Section 6.  Stock Option Grant

      (a)  Subject to approval of this Plan by the Company's stockholders, each
Eligible Director on the date of such approval will be granted on such date a
stock option to purchase 4,000  Shares (the "Stock Option").  Thereafter, on the
date of each of the Company's subsequent annual stockholders meetings, each
person who is or becomes an Eligible Director on that date and whose service on
the Board will continue after such date shall be granted a Stock Option, subject
to Section 4, effective as of the date of such meeting.

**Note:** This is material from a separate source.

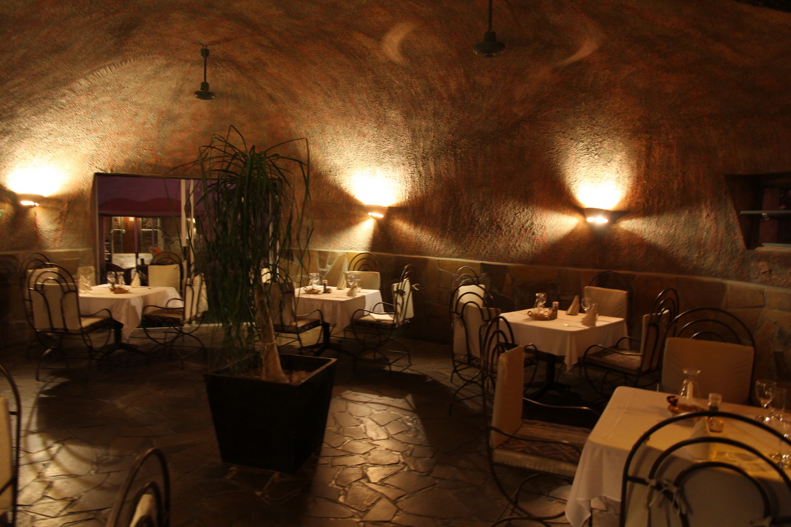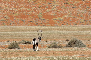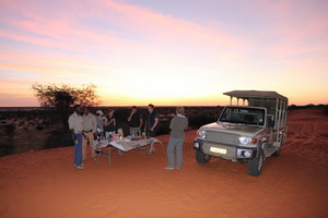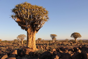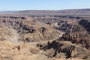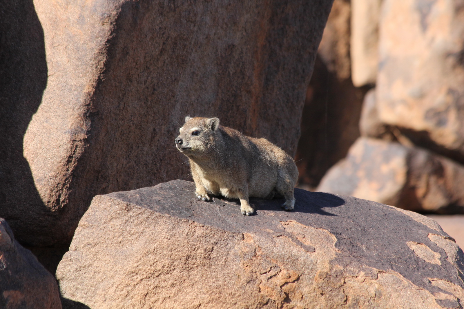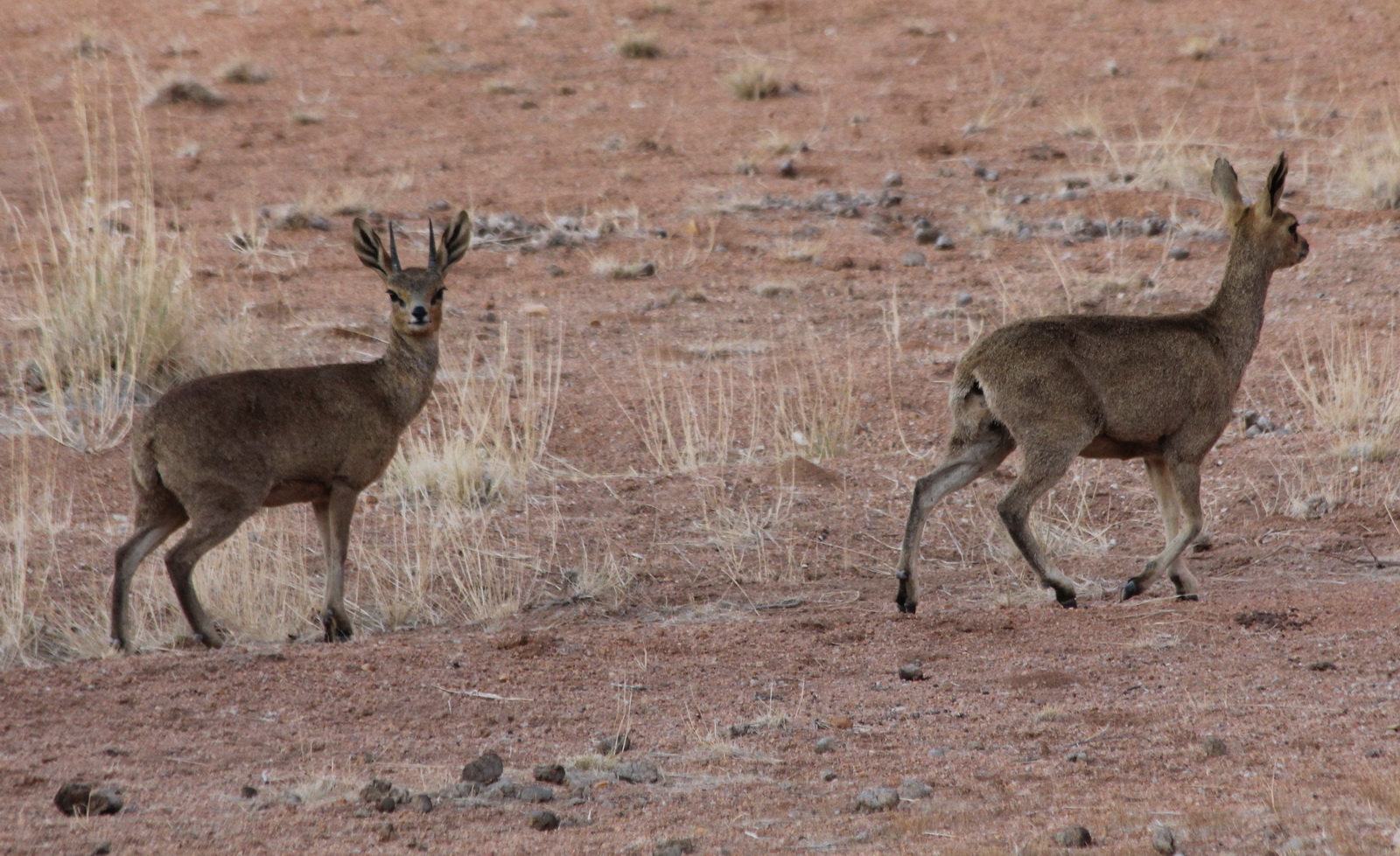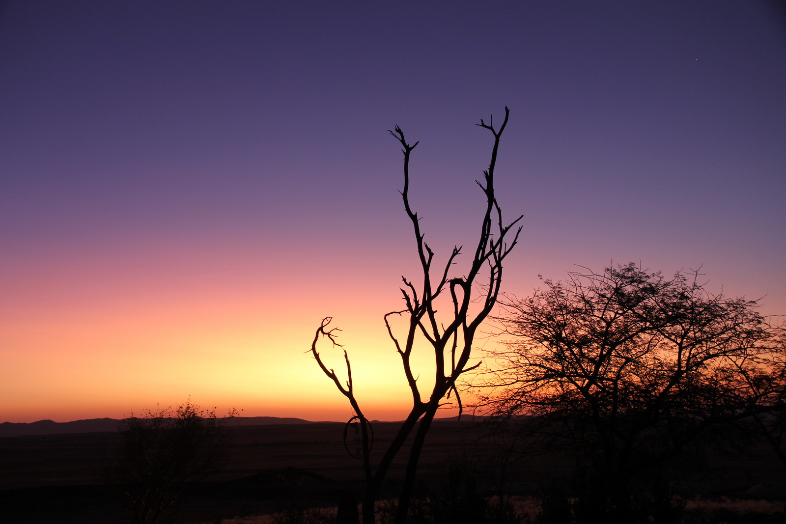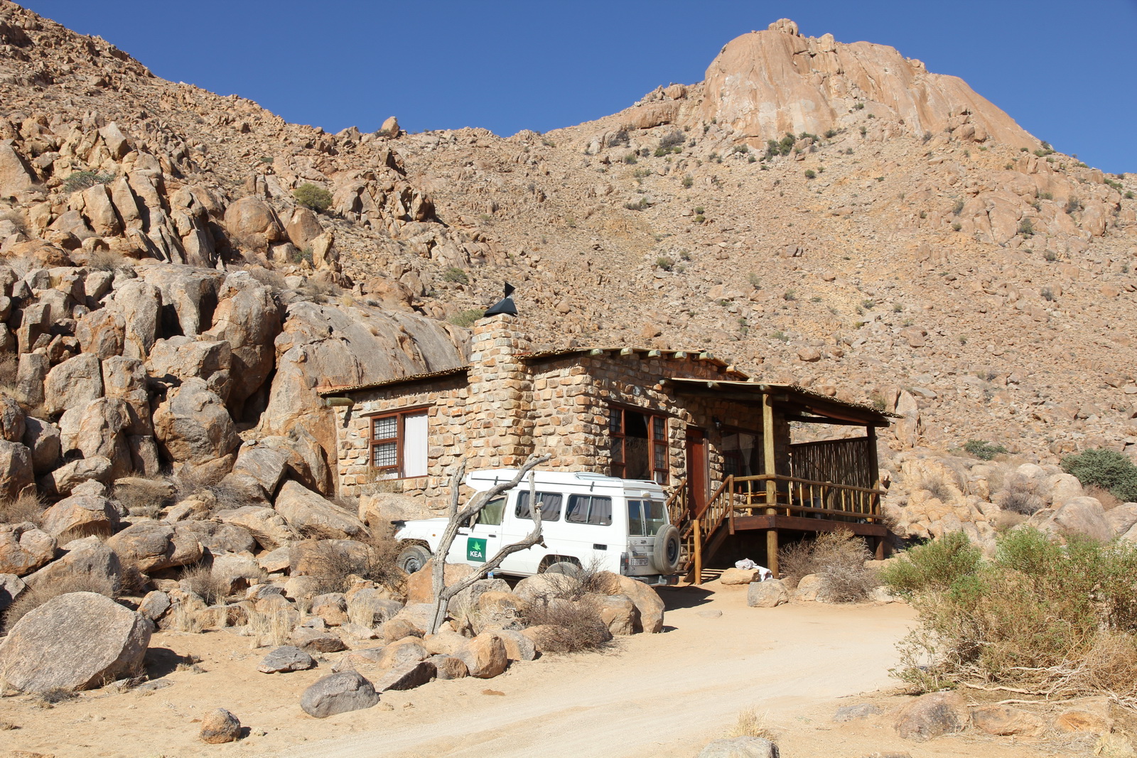 Mit der Sonne aufgestanden, und um 8 Uhr fahren wir die 5 km zum Sesriem Canyon und gehen runter. Es ist noch angenehm kühl. Wir gehen canyonaufwärts, da soll Wasser sein. Die Canyonwände sind bizarr, überhängend, voller Höhlen. Am Ende verhindern heruntergestürzte Felsen das Weiterkommen. Kein Wasser! Wir drehen um und gehen über den Einstiegspunkt hinaus den Canyon hinunter. Hier wird der Canyon breiter, die Sonne scheint rein. Da könnte man währscheinlich noch weit wandern, ab es kommen lästige Fliegen, also drehen wir um. Kurz, aber lohnend. Im Nationalparkbüro holen wir uns noch ein Permit für die Welwitschia-Ebene am Montag, 90N$. Im Tankstellenladen noch 5 l Wasser kaufen, hatten wir gestern vergessen. Der Laden ist viel besser sortiert, als der im Park. Dann auf die Strasse, erst C27, dann C19 Richtung Walvis-Bay. Die ist meist in gutem Zustand, nur in der Mitte ist ein schlechtes Stück, an dem gerade gearbeitet wird. In Solitaire gibt es ein uriges Roadhouse mit angeschlossener Bäckerei. Wir kaufen verschiedene süße Stückle und um 11 Uhr sind wir an der Rostock Ritz Lodge. Die Lage des Campingplatzes ist sehr schön, mit weitem Blick, besonders von der Grillterasse. Es gibt aber fast keinen Schatten. Wir ziehen uns unter das Dach der Campküche zurück, da kann man's aushalten. Die 4 Plätze sind recht eng aufeinander, aber wir sind die Einzigen, so stört das nicht. Der Name Rostock hat nichts mit der deutschen Stadt zu tun, sondern mit dem Rooistock, einem Vulkanberg in der Nähe. Pünktlich um 15:45 Uhr werden wir vom Camp abgeholt und zur Lodge gefahren. Von dort machen wir den Sundowner-Walk. Hoch auf den Hügel hinter der Lodge, mit toller Aussicht auf die umliegenden Ebenen und Berge. Es ist schon kühler, also angenehmes Wandern. Ich scheuche eine Horde von 15 Bergzebras auf, es gelingen ein paar tolle Fotos von der davonstiebenden Herde. Auf dem Rest der Wanderung sehen wir sie immer wieder, aber sie bleiben in sicherer Entfernung. Zurück in der Lodge genießen wir von der Terasse aus einen farbenprächtigen afrikanischen Sonnenuntergang bei kühlem Bier vom Fass und unterhalten uns nett mit den Betreibern der Lodge und anderen Gästen. Dann gehts zum Dinner: Avocado Ritz und Knoblauchbrot als Starter, dann Springbockfilet und Wildgeschnetzeltes, sehr lecker! Nach dem Essen gibts einen Taxiservice zurück zu unserem einsamen Campingplatz. Ein bissle Sterne gucken (wird jede Nacht besser) dann ins Bett. |

      (b) Stock Options granted under this Section 6 shall be non-qualified
stock options and shall have the following terms and conditions.



<PAGE>
      1.  Option Price.  The option price per Share shall be equal to the
closing price of the Shares as reflected on the NYSE on the date of grant (or if
there were no sales on such date, the most recent prior date on which there were
sales).  

      2.  Term of Option.  The term of the Stock Option shall be ten years from
the date of grant, subject to earlier termination in the event of termination of
service as an Eligible Director.  If an Eligible Director's term is terminated
for any reason other than death at a time when such Director is entitled to
exercise an outstanding Stock Option, then at any time or times within three
months after termination such Stock Option may be exercised as to all or any of
the Shares which the Eligible Director was entitled to purchase at the date of
termination.  If an Eligible Director dies at a time when such Director is
entitled to exercise a Stock Option, then at any time or times within one year
after death such Stock Option may be exercised as to all or any of the Shares
which the Eligible Director was entitled to purchase immediately prior to such
Director's death.  Except as so exercised, such Stock Options shall expire at
the end of such periods.  That portion of the Stock Option not exercisable at
the time of such termination shall be forfeited and transferred back to the
Company on the date of such termination.

      3.  Exercisability.  Subject to clause 2 above, each Stock Option shall
vest and become exercisable with respect to twenty percent of the underlying
Shares on each of the first five anniversaries of the date of grant, provided
that the optionee is an Eligible Director on such date.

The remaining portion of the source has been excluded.